General information
- Type: Heavy fighter/bomber destroyer
- Manufacturer: Lockheed Corporation
- Status: Cancelled in 1936
- Primary user: United States Army Air Corps
- Number built: 0

= Lockheed XFM-2 =

Proposed fighter aircraft

The Lockheed XPB-3, later designated XFM-2 (PB – pursuit, biplace / FM – fighter, multi-seat), was a proposed American heavy fighter aircraft, developed by the Lockheed Corporation during the mid-1930s. Intended as a heavy fighter and bomber destroyer for operation by the United States Army Air Corps, it failed to win a contract for construction of a prototype, the Bell YFM-1 Airacuda being preferred.

==Design and development==
Given the Lockheed designation Model 11, the XFM-2 was developed in response to a United States Army Air Corps requirement for a heavy, twin-engined "bomber destroyer". Originally designated XPB-3 in the "pursuit, biplace" category, it was redesignated "XFM-2", for "fighter, multiplace" early in development. Intended to be powered by two Allison V-1710 supercharged engines, the aircraft was designed for an armament of two 37 mm cannons: one mounted in a nose turret and the other in a dorsal turret behind the cockpit.

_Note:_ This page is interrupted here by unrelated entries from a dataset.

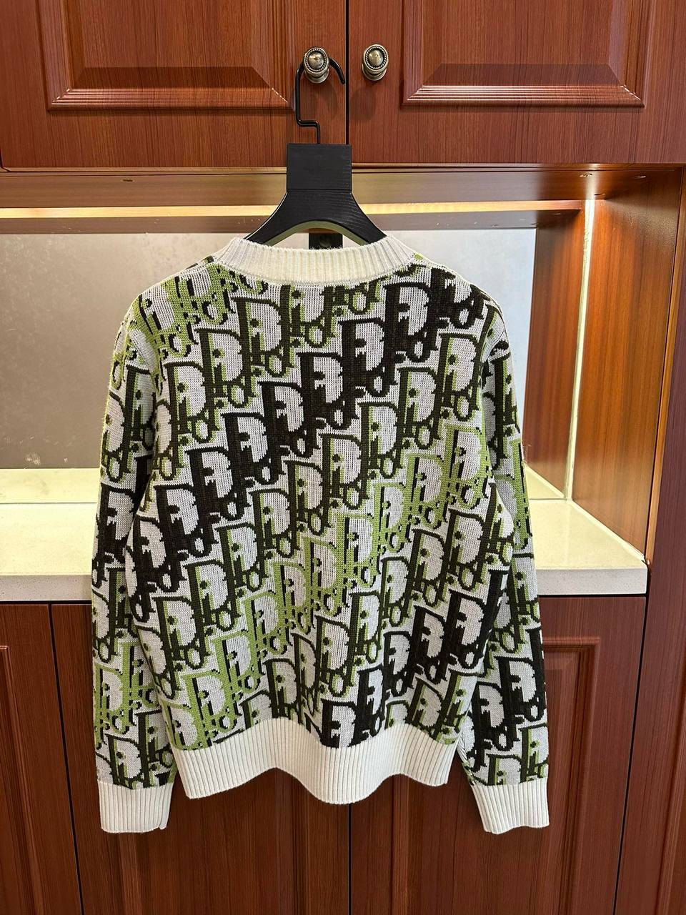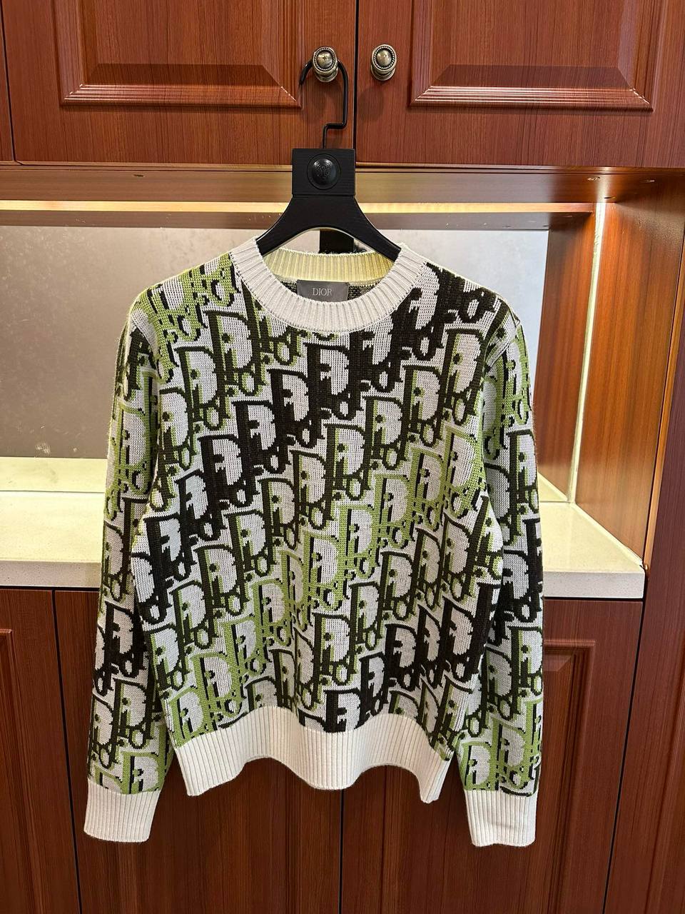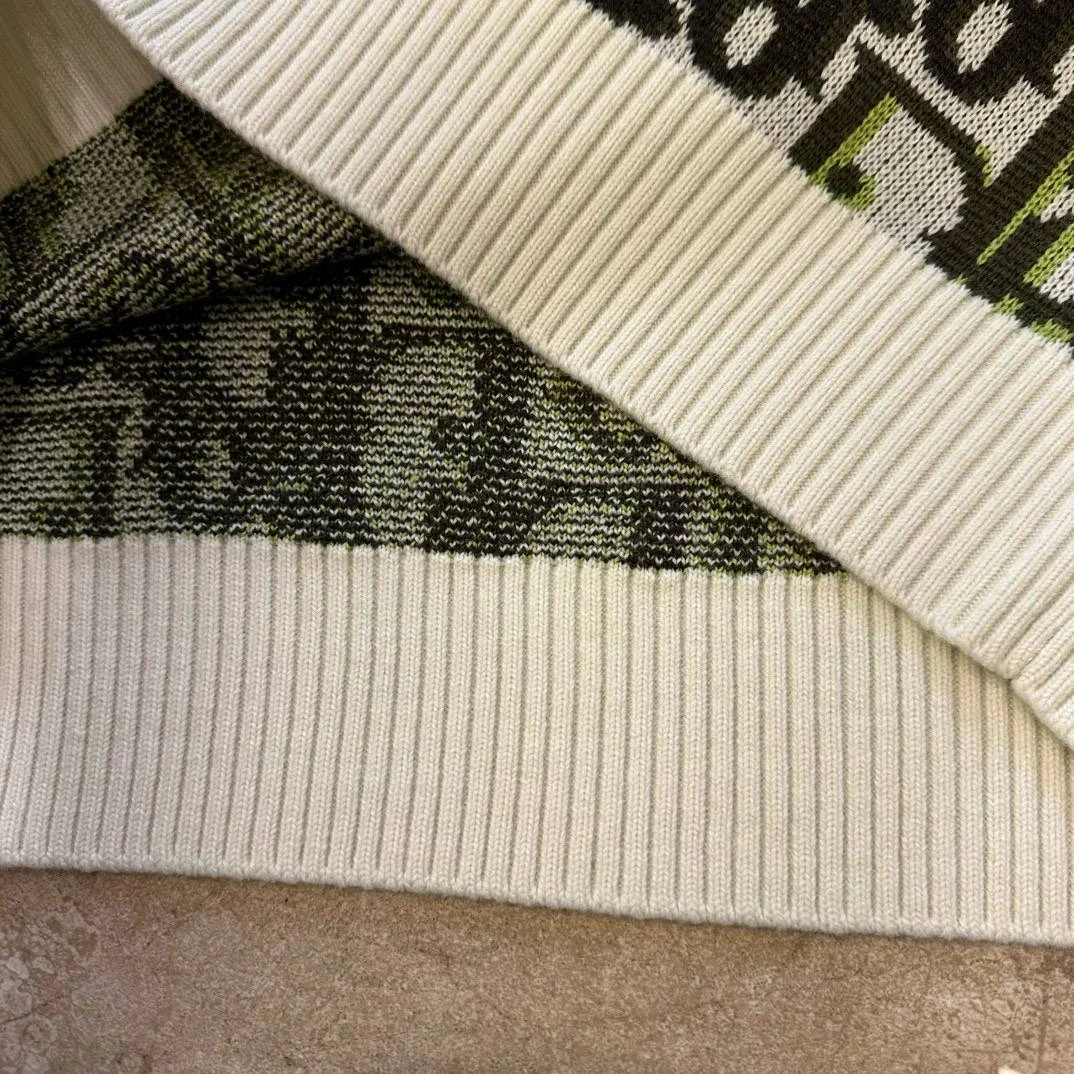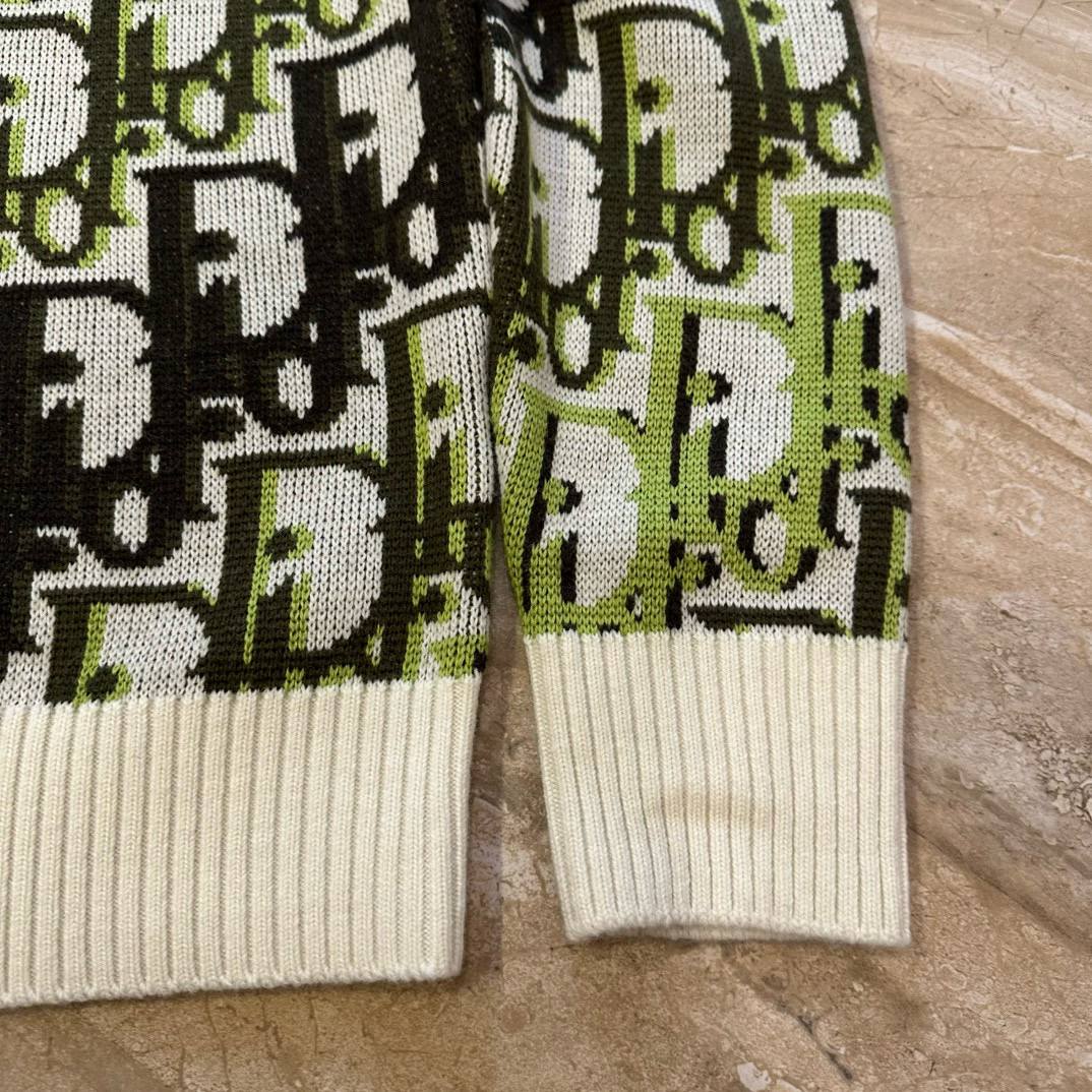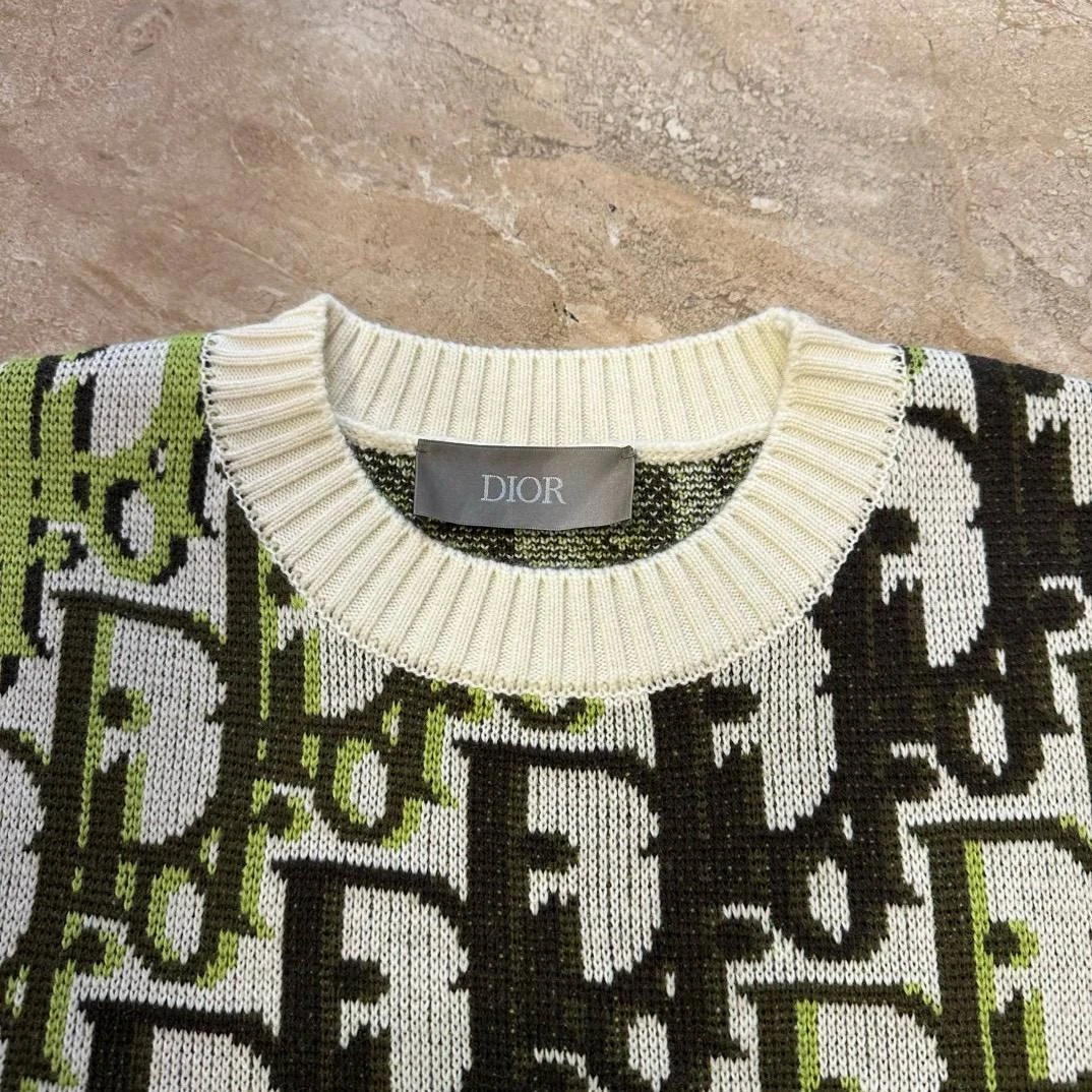 Свитер представляет собой плотный жаккардовый трикотаж с выразительным повторяющимся мотивом в стиле Oblique/логотип Dior. Модель имеет классический круглый вырез с широкими рифлёными манжетами на рукавах и по нижнему краю изделия. Силуэт — прямой, слегка свободный, длина по бедру. Контрастная цветовая гамма делает изделие эффектным, но в то же время универсальным для сочетаний с брюками и джинсами. На внутренней горловине видна бренд‑метка DIOR.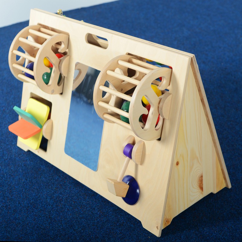 Двухсторонняя тактильная панель «Звездочка» отлично разрабатывает у детей осязательные навыки, помогает развить интерактивную деятельность, а также предназначена для звуковой стимуляции.  Панель удобна в использовании - ее можно разместить как на полу, так и на столе. Корпус выполнен из дерева, в верхней части находится ручка для переноски.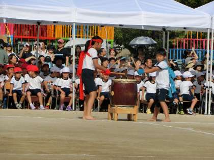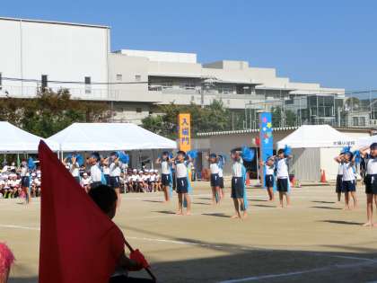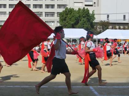 グラウンドいっぱいに、紅白の応援団が登場しました。

The XFM-2 featured a tricycle landing gear configuration and was a mid-wing monoplane of nearly medium bomber size. The empennage featured a twin-tail arrangement. Although the XFM-2 design was evaluated favorably by the Air Corps, the Bell YFM-1 Airacuda was selected to fill the bomber destroyer requirement, and further work on the XFM-2 was abandoned.